SOURCE DATA:

· · ·

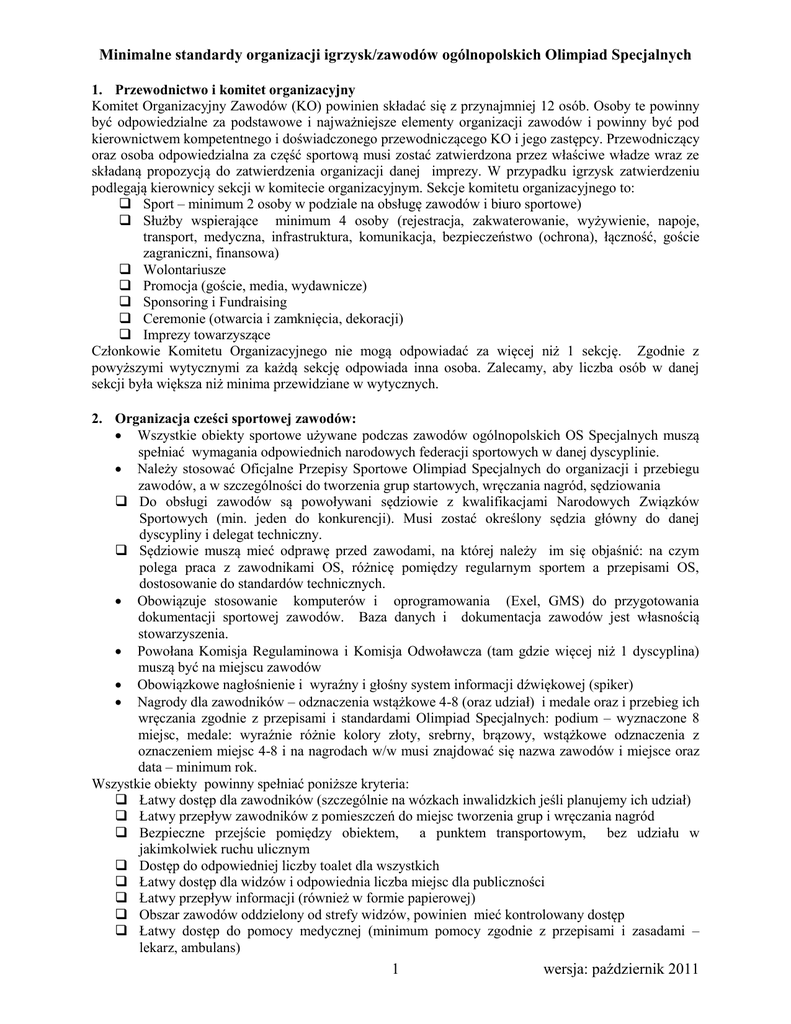 Minimalne standardy organizacji igrzysk/zawodów ogólnopolskich Olimpiad Specjalnych 1. Przewodnictwo i komitet organizacyjny Komitet Organizacyjny Zawodów (KO) powinien składać się z przynajmniej 12 osób. Osoby te powinny być odpowiedzialne za podstawowe i najważniejsze elementy organizacji zawodów i powinny być pod kierownictwem kompetentnego i doświadczonego przewodniczącego KO i jego zastępcy. Przewodniczący oraz osoba odpowiedzialna za część sportową musi zostać zatwierdzona przez właściwe władze wraz ze składaną propozycją do zatwierdzenia organizacji danej imprezy. W przypadku igrzysk zatwierdzeniu podlegają kierownicy sekcji w komitecie organizacyjnym. Sekcje komitetu organizacyjnego to: Sport – minimum 2 osoby w podziale na obsługę zawodów i biuro sportowe) Służby wspierające minimum 4 osoby (rejestracja, zakwaterowanie, wyżywienie, napoje, transport, medyczna, infrastruktura, komunikacja, bezpieczeństwo (ochrona), łączność, goście zagraniczni, finansowa) Wolontariusze Promocja (goście, media, wydawnicze) Sponsoring i Fundraising Ceremonie (otwarcia i zamknięcia, dekoracji) Imprezy towarzyszące Członkowie Komitetu Organizacyjnego nie mogą odpowiadać za więcej niż 1 sekcję. Zgodnie z powyższymi wytycznymi za każdą sekcję odpowiada inna osoba. Zalecamy, aby liczba osób w danej sekcji była większa niż minima przewidziane w wytycznych. 2. Organizacja cześci sportowej zawodów: Wszystkie obiekty sportowe używane podczas zawodów ogólnopolskich OS Specjalnych muszą spełniać wymagania odpowiednich narodowych federacji sportowych w danej dyscyplinie. Należy stosować Oficjalne Przepisy Sportowe Olimpiad Specjalnych do organizacji i przebiegu zawodów, a w szczególności do tworzenia grup startowych, wręczania nagród, sędziowania Do obsługi zawodów są powoływani sędziowie z kwalifikacjami Narodowych Związków Sportowych (min. jeden do konkurencji). Musi zostać określony sędzia główny do danej dyscypliny i delegat techniczny. Sędziowie muszą mieć odprawę przed zawodami, na której należy im się objaśnić: na czym polega praca z zawodnikami OS, różnicę pomiędzy regularnym sportem a przepisami OS, dostosowanie do standardów technicznych. Obowiązuje stosowanie komputerów i oprogramowania (Exel, GMS) do przygotowania dokumentacji sportowej zawodów. Baza danych i dokumentacja zawodów jest własnością stowarzyszenia. Powołana Komisja Regulaminowa i Komisja Odwoławcza (tam gdzie więcej niż 1 dyscyplina) muszą być na miejscu zawodów Obowiązkowe nagłośnienie i wyraźny i głośny system informacji dźwiękowej (spiker) Nagrody dla zawodników – odznaczenia wstążkowe 4-8 (oraz udział) i medale oraz i przebieg ich wręczania zgodnie z przepisami i standardami Olimpiad Specjalnych: podium – wyznaczone 8 miejsc, medale: wyraźnie różnie kolory złoty, srebrny, brązowy, wstążkowe odznaczenia z oznaczeniem miejsc 4-8 i na nagrodach w/w musi znajdować się nazwa zawodów i miejsce oraz data – minimum rok. Wszystkie obiekty powinny spełniać poniższe kryteria: Łatwy dostęp dla zawodników (szczególnie na wózkach inwalidzkich jeśli planujemy ich udział) Łatwy przepływ zawodników z pomieszczeń do miejsc tworzenia grup i wręczania nagród Bezpieczne przejście pomiędzy obiektem, a punktem transportowym, bez udziału w jakimkolwiek ruchu ulicznym Dostęp do odpowiedniej liczby toalet dla wszystkich Łatwy dostęp dla widzów i odpowiednia liczba miejsc dla publiczności Łatwy przepływ informacji (również w formie papierowej) Obszar zawodów oddzielony od strefy widzów, powinien mieć kontrolowany dostęp Łatwy dostęp do pomocy medycznej (minimum pomocy zgodnie z przepisami i zasadami – lekarz, ambulans) 1 wersja: październik 2011 Minimalne standardy organizacji igrzysk/zawodów ogólnopolskich Olimpiad Specjalnych Jasna i czytelna informacja i oznakowanie obiektu dla zawodników, trenerów, widzów, członków rodzin, mediów itp. Zapewnić wygodne miejsce dla zawodników, którzy nie biorą udziału w zawodach (idealnie w wiosce Olimpiad Specjalnych) Zapewnienie odpowiedniego miejsca na spotkania z trenerami - przed rozpoczęciem zawodów i ewentualnie podczas ich trwania jeśli będą konieczne. 3. Zakwaterowanie Wszystkie miejsca zakwaterowania powinny zostać skontrolowane przez członków KO przed podjęciem ostatecznej decyzji i zawarciem umowy. Miejsca zakwaterowania powinny spełniać poniższe kryteria: Pokoje z maksymalnie 6 łóżkami Jedno łóżko na osobę Nie więcej niż 10-12 osób na toaletę i prysznic Miejsce śniadań na miejscu lub w pobliżu Pokoje i toalety musza być czyste, zaopatrzone w papier toaletowy Pokoje muszą być zamykane na czas zawodów Ochrona kontrolująca aby osoby nieodpowiednie nie miały wstępu dostęp do budynków mieszkalnych Opieka medyczna powinna być dostępna w każdym miejscu zakwaterowania po zawodach i przez całą noc w wyznaczonym i oznakowanym miejscu. Na miejscu wtedy gdy są w pokojach uczestnicy zawodów musi być osoba – przedstawiciel komitetu organizacyjnego, do którego mogą zgłaszać się z problemami uczestnicy zawodów także w godzinach nocnych i osoba ta musi być w oznakowanym pomieszczeniu. W godzinach nocnych w miejscu zakwaterowania uczestników nie mogą się odbywać inne imprezy (np. nie związane z Olimpiadami Specjalnymi) zakłócające cisze nocna i mogące mieć wpływ na bezpieczeństwo uczestników. 4. Wyżywienie i napoje Trzy posiłki dziennie w tym przynajmniej jeden ciepły KO powinien zadbać o różnorodność i jakość posiłków (weryfikacja jadłospisów przed imprezą) KO powinien być przygotowany na spełnienie specyficznych i medycznych uwarunkowań oczekiwań żywieniowych zawodników (specjalne diety, uczulenia itd.). KO powinien zapewnić napoje zimne (woda lub innych napojów dla zawodników i trenerów) w ilościach niezbędnych by zapobiegać odwodnieniom i ci
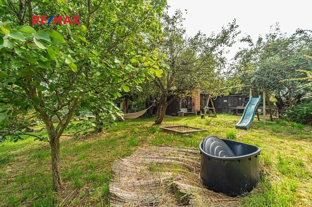 Na zahradě se nachází montovaná zahradní chata, skandinávské suché WC a je zde k dispozici sezónní voda. Pozemek je obklopen množstvím zeleně a ovocných stromů, které vytvářejí jedinečnou atmosféru – opravdovou oázu klidu a pohody.
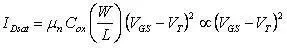 在VGS>VT时,出现沟道,但如果源-漏电压VDS=0,则不会产生电流;只有在VGS>VT和VDS>0时,才会产生电流,这时必然有VDS >(VGS-VT),因此MOSFET处于沟道夹断的饱和状态,于是源-漏电流随栅-源电压而平方地上升。相应地,饱和跨导随栅-源电压而线性地增大,这是由于饱和跨导与饱和电压(VGS-VT)成正比的缘故。
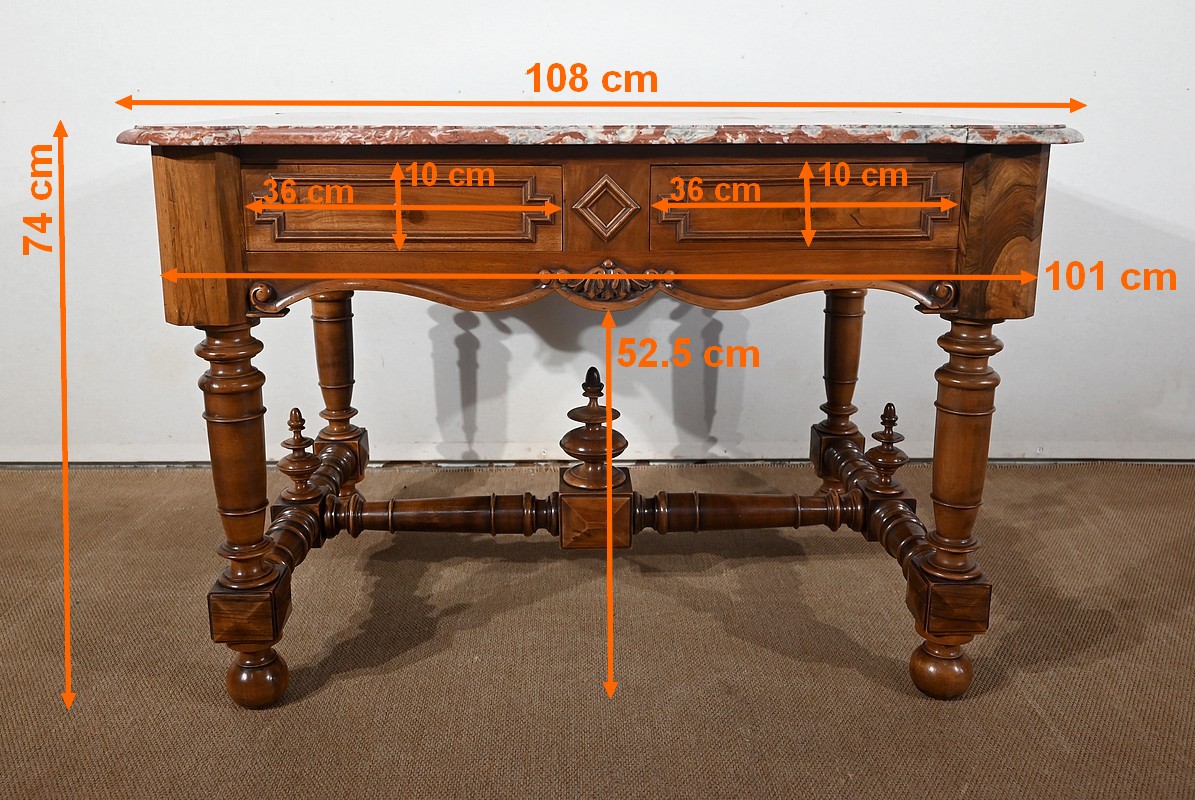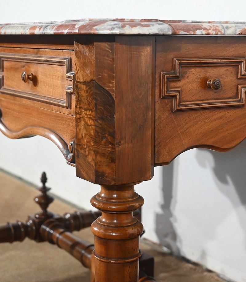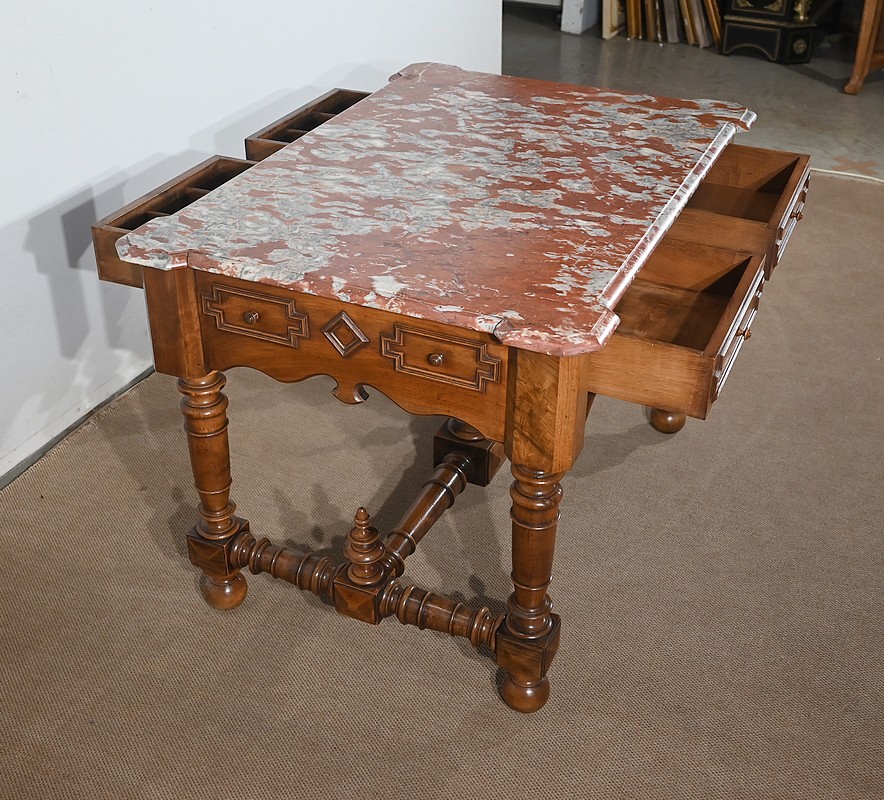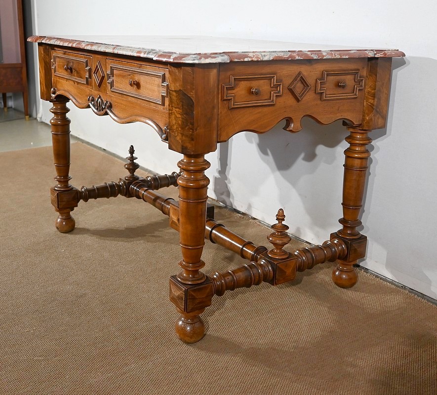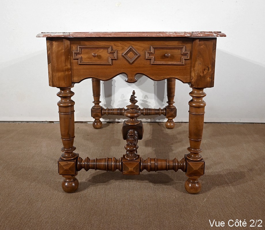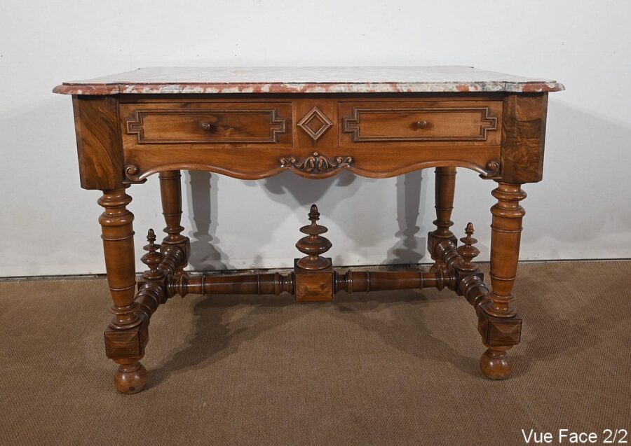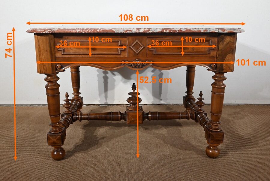 Cette rare table de goût Louis XIII vous séduira par son marbre prestigieux, ses quatre tiroirs originaux et son petit dimensionnel.

· · ·

WORK TASK: Only the lines from the one with "Na zahradě se" to the end of the listing, both ends included, should be retyped exactly; no pictures belong in the copy.

OUTPUT FOR THIS EXERCISE:
 Na zahradě se nachází montovaná zahradní chata, skandinávské suché WC a je zde k dispozici sezónní voda. Pozemek je obklopen množstvím zeleně a ovocných stromů, které vytvářejí jedinečnou atmosféru – opravdovou oázu klidu a pohody.
 在VGS>VT时,出现沟道,但如果源-漏电压VDS=0,则不会产生电流;只有在VGS>VT和VDS>0时,才会产生电流,这时必然有VDS >(VGS-VT),因此MOSFET处于沟道夹断的饱和状态,于是源-漏电流随栅-源电压而平方地上升。相应地,饱和跨导随栅-源电压而线性地增大,这是由于饱和跨导与饱和电压(VGS-VT)成正比的缘故。
 Cette rare table de goût Louis XIII vous séduira par son marbre prestigieux, ses quatre tiroirs originaux et son petit dimensionnel.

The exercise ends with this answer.